◆ Problem requirements: Leave out the pictures and retype, exactly, the lines below from the line with "This bracelet combines" up to and including the line with "with execution risk.", nothing more.

◆ Records supplied:
-.-.-
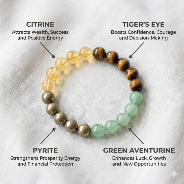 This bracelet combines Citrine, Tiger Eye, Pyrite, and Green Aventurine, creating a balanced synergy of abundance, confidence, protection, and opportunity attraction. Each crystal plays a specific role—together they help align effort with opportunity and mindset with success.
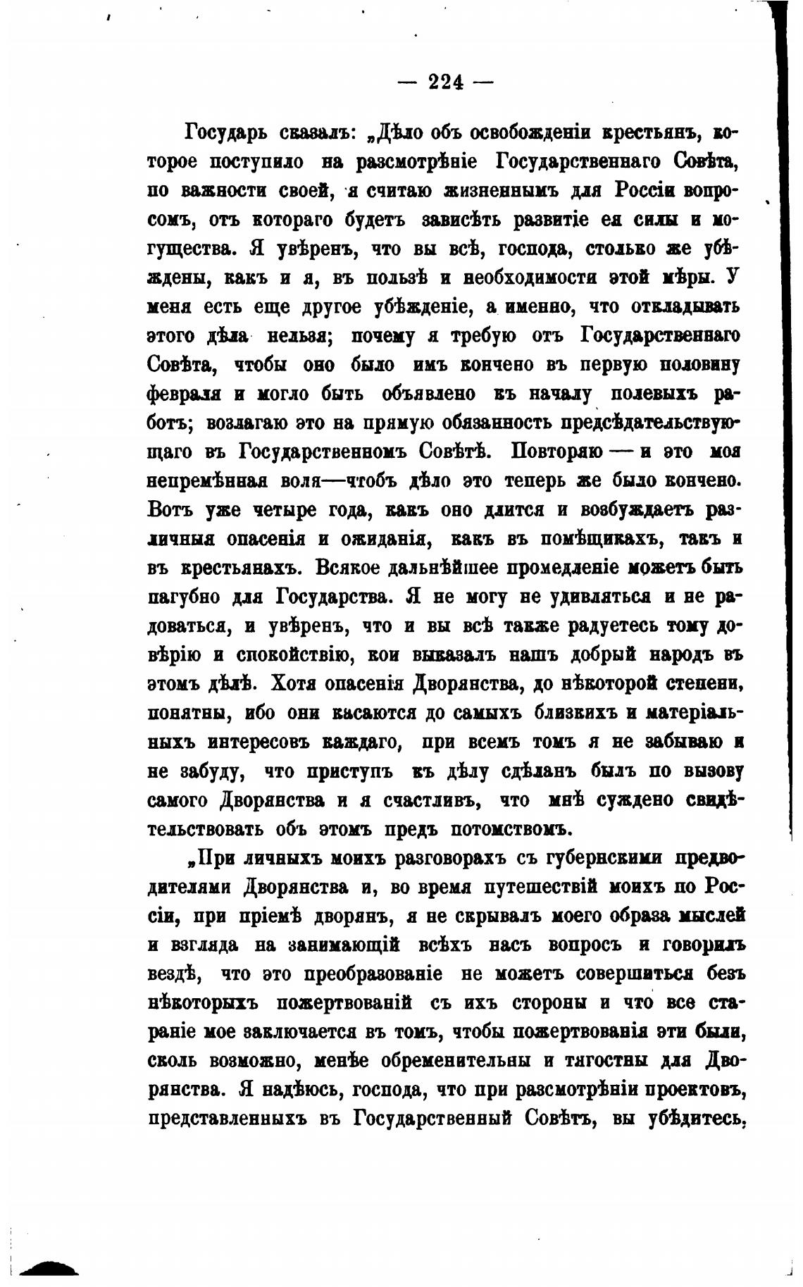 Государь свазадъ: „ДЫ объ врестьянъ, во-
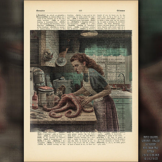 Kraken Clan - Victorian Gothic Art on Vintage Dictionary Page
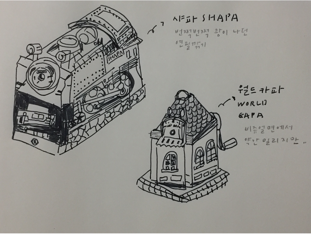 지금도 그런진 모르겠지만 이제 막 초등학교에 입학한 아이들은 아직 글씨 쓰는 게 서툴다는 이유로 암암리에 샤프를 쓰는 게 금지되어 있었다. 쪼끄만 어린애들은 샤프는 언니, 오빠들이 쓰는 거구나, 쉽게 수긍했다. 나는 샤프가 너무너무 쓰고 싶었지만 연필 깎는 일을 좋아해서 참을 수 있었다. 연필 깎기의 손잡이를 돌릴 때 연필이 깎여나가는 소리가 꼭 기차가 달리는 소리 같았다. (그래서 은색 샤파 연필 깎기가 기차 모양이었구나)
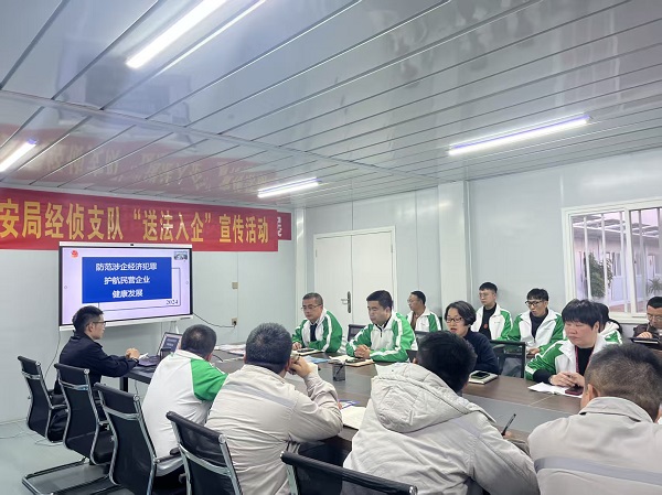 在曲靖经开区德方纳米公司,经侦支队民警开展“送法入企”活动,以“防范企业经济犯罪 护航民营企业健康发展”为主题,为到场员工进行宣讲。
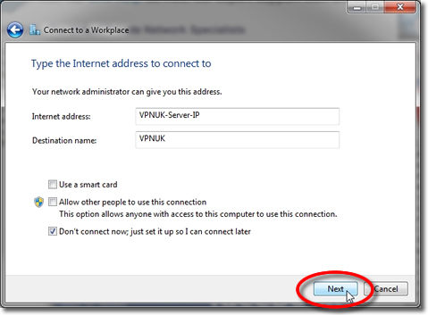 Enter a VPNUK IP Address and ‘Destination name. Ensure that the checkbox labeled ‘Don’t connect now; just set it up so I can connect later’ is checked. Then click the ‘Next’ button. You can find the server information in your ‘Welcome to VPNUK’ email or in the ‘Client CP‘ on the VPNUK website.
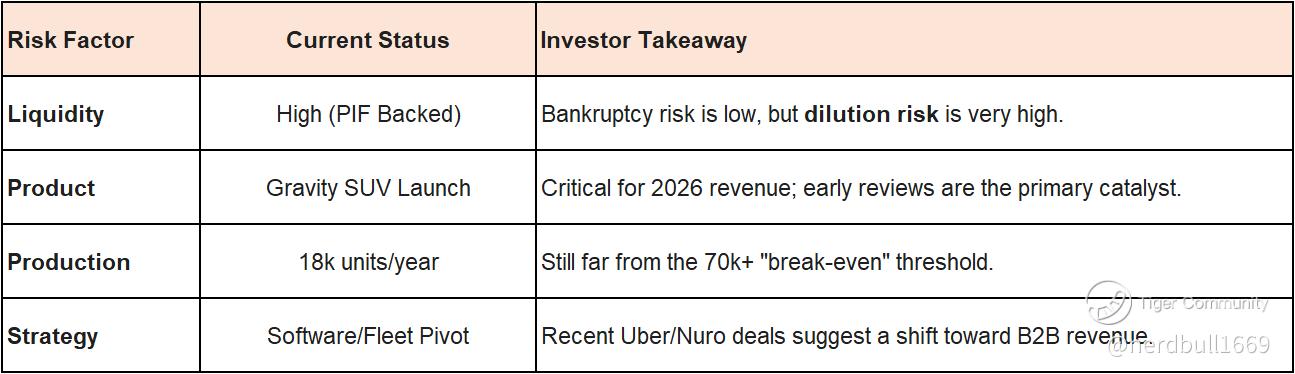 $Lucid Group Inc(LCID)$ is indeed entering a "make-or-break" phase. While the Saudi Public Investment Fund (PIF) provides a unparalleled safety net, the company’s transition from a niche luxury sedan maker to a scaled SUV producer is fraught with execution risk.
-.-.-
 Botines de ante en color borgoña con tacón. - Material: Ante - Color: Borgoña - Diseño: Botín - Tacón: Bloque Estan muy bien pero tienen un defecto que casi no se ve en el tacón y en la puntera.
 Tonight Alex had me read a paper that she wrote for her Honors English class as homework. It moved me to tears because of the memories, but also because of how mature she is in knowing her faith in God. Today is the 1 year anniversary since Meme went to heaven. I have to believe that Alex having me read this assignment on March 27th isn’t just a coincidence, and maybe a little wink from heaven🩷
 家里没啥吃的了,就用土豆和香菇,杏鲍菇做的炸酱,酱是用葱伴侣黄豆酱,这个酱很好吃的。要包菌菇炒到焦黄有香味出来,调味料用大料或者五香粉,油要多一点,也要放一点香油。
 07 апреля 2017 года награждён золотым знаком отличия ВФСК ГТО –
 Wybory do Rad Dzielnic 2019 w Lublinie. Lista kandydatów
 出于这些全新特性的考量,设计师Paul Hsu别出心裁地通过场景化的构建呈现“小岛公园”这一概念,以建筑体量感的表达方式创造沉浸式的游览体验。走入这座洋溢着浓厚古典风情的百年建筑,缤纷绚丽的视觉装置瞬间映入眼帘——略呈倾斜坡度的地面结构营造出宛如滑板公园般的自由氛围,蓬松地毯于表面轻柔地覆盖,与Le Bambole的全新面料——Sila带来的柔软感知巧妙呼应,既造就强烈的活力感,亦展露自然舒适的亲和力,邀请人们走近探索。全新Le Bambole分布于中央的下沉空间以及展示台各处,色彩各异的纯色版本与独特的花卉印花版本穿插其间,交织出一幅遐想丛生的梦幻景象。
-.-.-
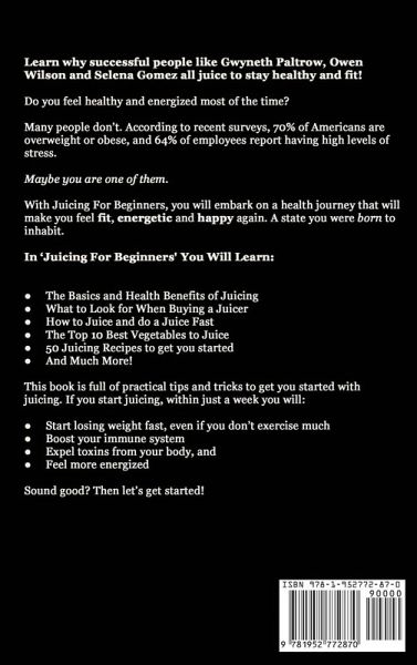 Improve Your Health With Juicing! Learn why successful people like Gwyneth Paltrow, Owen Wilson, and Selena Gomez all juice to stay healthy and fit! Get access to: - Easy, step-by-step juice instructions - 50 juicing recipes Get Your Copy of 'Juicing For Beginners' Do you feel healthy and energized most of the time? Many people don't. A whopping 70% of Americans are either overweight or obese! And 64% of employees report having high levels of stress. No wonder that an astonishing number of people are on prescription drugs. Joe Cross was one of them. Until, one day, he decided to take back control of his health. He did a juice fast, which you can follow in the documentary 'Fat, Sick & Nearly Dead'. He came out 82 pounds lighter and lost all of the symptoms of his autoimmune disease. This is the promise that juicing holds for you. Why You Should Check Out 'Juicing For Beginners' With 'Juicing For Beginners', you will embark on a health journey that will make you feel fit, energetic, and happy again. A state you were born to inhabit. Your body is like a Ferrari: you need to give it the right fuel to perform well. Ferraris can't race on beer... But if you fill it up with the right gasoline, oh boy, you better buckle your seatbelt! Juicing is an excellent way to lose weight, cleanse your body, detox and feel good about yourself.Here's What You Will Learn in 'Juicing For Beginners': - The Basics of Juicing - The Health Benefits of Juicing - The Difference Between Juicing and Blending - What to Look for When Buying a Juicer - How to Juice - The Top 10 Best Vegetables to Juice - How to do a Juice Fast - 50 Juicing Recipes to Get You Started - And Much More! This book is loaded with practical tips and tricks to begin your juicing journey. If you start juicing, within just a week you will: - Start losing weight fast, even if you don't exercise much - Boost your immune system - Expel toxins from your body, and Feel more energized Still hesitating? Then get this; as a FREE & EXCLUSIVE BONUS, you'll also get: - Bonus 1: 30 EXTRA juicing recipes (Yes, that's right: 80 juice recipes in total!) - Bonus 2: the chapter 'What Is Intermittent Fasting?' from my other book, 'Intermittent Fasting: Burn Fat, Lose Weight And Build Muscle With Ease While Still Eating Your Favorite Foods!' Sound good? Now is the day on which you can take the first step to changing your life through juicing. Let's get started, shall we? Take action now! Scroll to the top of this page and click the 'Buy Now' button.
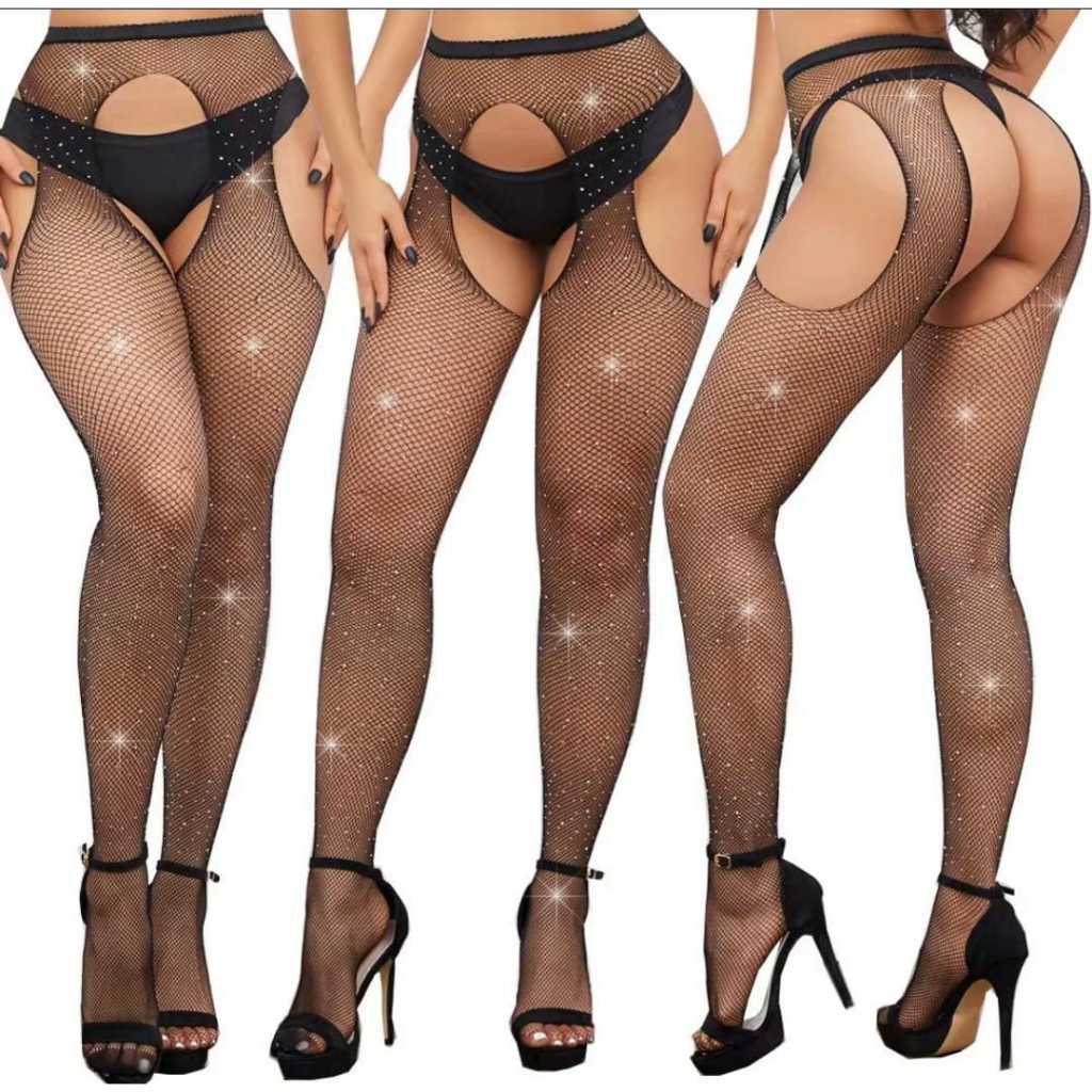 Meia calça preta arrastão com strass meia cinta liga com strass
-.-.-
◆ Exercise output:
 This bracelet combines Citrine, Tiger Eye, Pyrite, and Green Aventurine, creating a balanced synergy of abundance, confidence, protection, and opportunity attraction. Each crystal plays a specific role—together they help align effort with opportunity and mindset with success.
 Государь свазадъ: „ДЫ объ врестьянъ, во-
 Kraken Clan - Victorian Gothic Art on Vintage Dictionary Page
 지금도 그런진 모르겠지만 이제 막 초등학교에 입학한 아이들은 아직 글씨 쓰는 게 서툴다는 이유로 암암리에 샤프를 쓰는 게 금지되어 있었다. 쪼끄만 어린애들은 샤프는 언니, 오빠들이 쓰는 거구나, 쉽게 수긍했다. 나는 샤프가 너무너무 쓰고 싶었지만 연필 깎는 일을 좋아해서 참을 수 있었다. 연필 깎기의 손잡이를 돌릴 때 연필이 깎여나가는 소리가 꼭 기차가 달리는 소리 같았다. (그래서 은색 샤파 연필 깎기가 기차 모양이었구나)
 在曲靖经开区德方纳米公司,经侦支队民警开展“送法入企”活动,以“防范企业经济犯罪 护航民营企业健康发展”为主题,为到场员工进行宣讲。
 Enter a VPNUK IP Address and ‘Destination name. Ensure that the checkbox labeled ‘Don’t connect now; just set it up so I can connect later’ is checked. Then click the ‘Next’ button. You can find the server information in your ‘Welcome to VPNUK’ email or in the ‘Client CP‘ on the VPNUK website.
 $Lucid Group Inc(LCID)$ is indeed entering a "make-or-break" phase. While the Saudi Public Investment Fund (PIF) provides a unparalleled safety net, the company’s transition from a niche luxury sedan maker to a scaled SUV producer is fraught with execution risk.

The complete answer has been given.